§ **Task prompt**: In the entries that follow, the first line to write out is the one containing "11月27日南方路机(603280)龙虎榜数据", and the last is the one containing "Molde simple para". Reproduce that stretch exactly, with nothing before or after it.
---------- Dataset content
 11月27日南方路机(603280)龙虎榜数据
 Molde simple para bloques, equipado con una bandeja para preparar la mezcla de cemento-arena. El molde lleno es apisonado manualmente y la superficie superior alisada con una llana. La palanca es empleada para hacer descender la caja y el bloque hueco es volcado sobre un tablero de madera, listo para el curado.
--------------------
---------- Dataset content
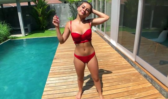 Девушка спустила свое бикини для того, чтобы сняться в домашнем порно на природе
--------------------
---------- Dataset content
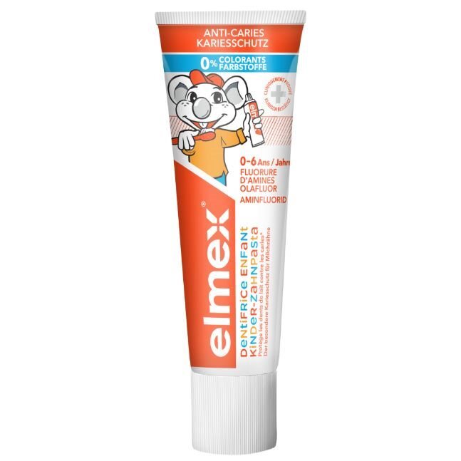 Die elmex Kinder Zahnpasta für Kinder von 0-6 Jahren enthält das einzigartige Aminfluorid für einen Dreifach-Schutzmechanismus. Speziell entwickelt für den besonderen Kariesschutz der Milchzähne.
--------------------
§ **Your solution**:
 11月27日南方路机(603280)龙虎榜数据
 Molde simple para bloques, equipado con una bandeja para preparar la mezcla de cemento-arena. El molde lleno es apisonado manualmente y la superficie superior alisada con una llana. La palanca es empleada para hacer descender la caja y el bloque hueco es volcado sobre un tablero de madera, listo para el curado.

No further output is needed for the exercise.